But we mustn’t get emotional


Ireland and the US are so alike in so many ways, most of them bad.

In Ireland, a woman who is clinically dead but 17 weeks pregnant is being kept alive against her family’s will. At this painful time, her relatives must go to court to stop the Irish state treating their loved one’s body as a cadaveric incubator.

Yeah we do that too. Marlise Munoz was kept alive after brain-death despite her family’s wishes for two months last year because she was pregnant.

Munoz was 14 weeks pregnant with the couple’s second child when her husband found her unconscious on their kitchen floor November 26. Though doctors had pronounced her brain dead and her family had said she did not want to have machines keep her body alive, officials at John Peter Smith Hospital in Fort Worth had said state law required them to maintain life-sustaining treatment for a pregnant patient.

I wonder if Texas inspired the Irish state.

Back to Emer O’Toole on the Irish situation.

Do those facts emotionally affect you? Then please calm down. What we need here is balance. Indeed, the Irish media considers it a moral virtue to trot out pro-life arguments alongside the facts of each and every new horror story that arises from Ireland’s abortion laws. There are two sides to this debate, after all. And Taoiseach Enda Kenny has cautioned us against “knee-jerk” reactions to sensitive cases such as this.

Women get so hysterical, you know.

This year, a suicidal teenage victim of rape and torture (Miss Y) was forced to carry her pregnancy to viability and deliver by C-section. And now we have a clinically dead woman being ventilated and fed for the sake of an insentient foetus, while her heartbroken family takes legal action in order to mourn her.

But we mustn’t get emotional. There’s no political appetite for another abortion debate. Kenny has already dealt with this issue. The passing of the protection of life during pregnancy bill last year was very difficult for him and his party. He deserves a pat on the back for legislating at all.

Women are so demanding. What is their problem?

If you must discuss this case, do so cooly: in terms, perhaps, of its potential effects on the career prospects of male politicians? Is the ambitious Leo Varadkar, the health minister, using this case opportunistically? What might it mean for the future leadership of Fine Gael? That’s what matters here.
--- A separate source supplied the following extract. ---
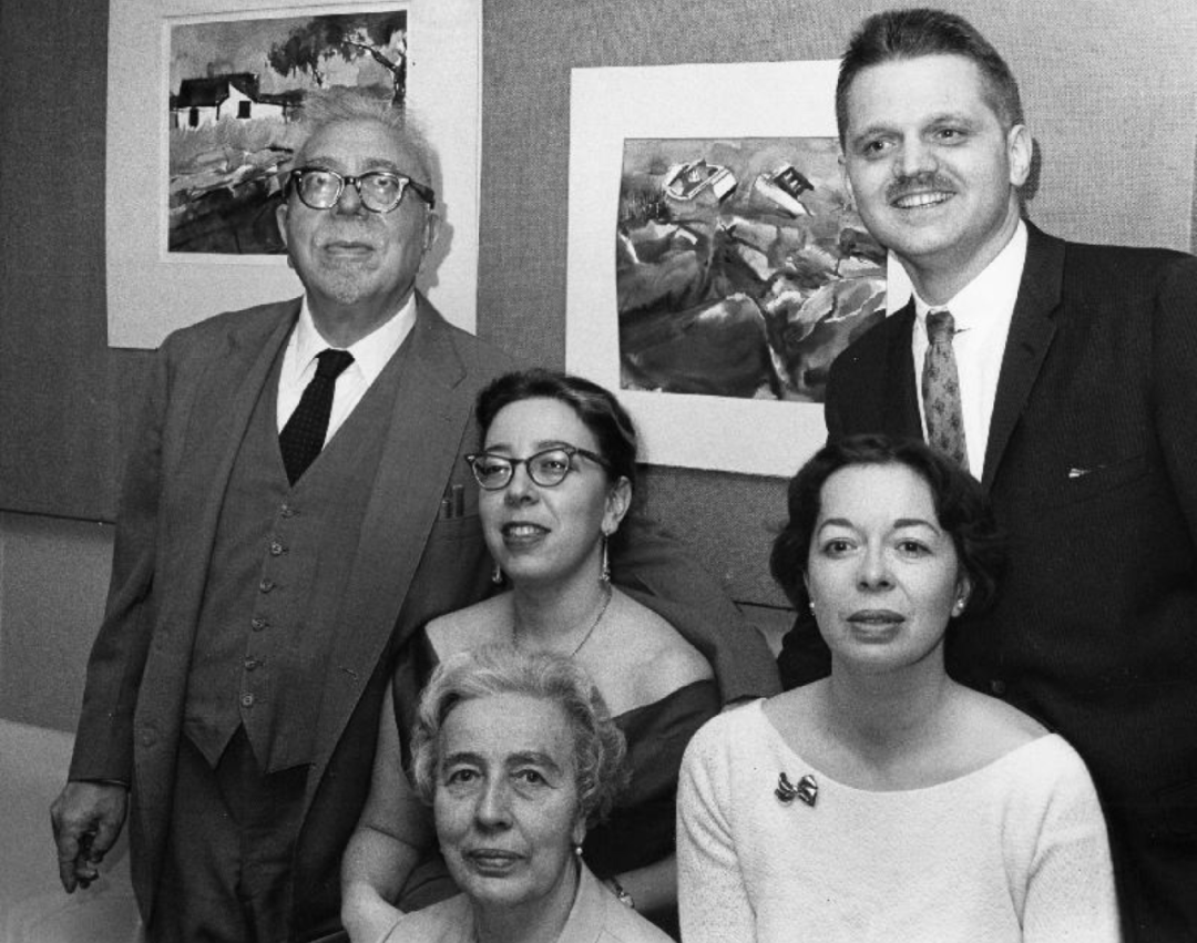维纳和妻子 Margaret、女儿「Peggy」、Barbara,以及女婿 Gordon Raisbeck(图源:MIT 博物馆)。

Women’s bodies, women’s lives, women’s rights: those are messy, incendiary topics, best avoided.

Plus, of course, they just don’t matter all that much. It’s only women.
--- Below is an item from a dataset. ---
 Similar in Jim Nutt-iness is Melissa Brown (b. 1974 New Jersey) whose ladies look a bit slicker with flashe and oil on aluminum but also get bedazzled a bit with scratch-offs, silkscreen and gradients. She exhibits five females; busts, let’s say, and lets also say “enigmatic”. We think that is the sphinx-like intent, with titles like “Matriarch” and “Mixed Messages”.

Women’s experiences are routinely erased from Irish discourse on abortion. Our government and media won’t engage with the reality of living in a body that gets pregnant. When others do, they are dismissed as irrational, emotive: feminine.

Goodness, what a lot of anger. She’s so bitter. She’s such a rage-blogger. No wonder everybody hates women.

 

Comments

  1. Matthew Oakley says

    When I read things like this, despite being in general a man of peace and kindness, I have to stop myself from wanting death to everyone who enables this bullshit from the Pope all the way down. Of course I don’t really mean it but shit like this makes it so hard. I just don’t understand how anyone could possibly think that this is a good thing. This woman is clinically dead. Nobody wants her alive. Yet all of this is trumped by the unborn fetus, a fetus that none of those forcing the mother to stay alive will care about once it is born. Then it can starve to death for all they would seem to care but while it’s a fetus? It’s rights trump all others, especially those uppity women who want to be treated as human beings. Fuck all of them.

  2. sc_770d159609e0f8deaa72849e3731a29d says

    Surely the belief in the sanctity of the foetus- the sanctity of anything- is only emotional.

    I wonder if Texas inspired the Irish state.

    Not necessarily. The Eighth Amendment of the Constitution of Ireland, passed in 1983, “acknowledges the right to life of the unborn and, with due regard to the equal right to life of the mother, guarantees in its laws to respect, and, as far as practicable, by its laws to defend and vindicate that right.”

  3. Sastra says

    I wonder if some people aren’t also imagining that a brain-dead mother would of course want to be kept on life support till she delivers so that her baby may live! That’s what she’d want now that she’s pregnant, they think. It’s quite a drama and it feeds into the sanctity of Motherhood trope.

    In addition to All-Life-Is-Fully-Human-and-Sacred religious nonsense there might be a tinge of A-Mother’s-Love-Sacrifices-All romantic nonsense.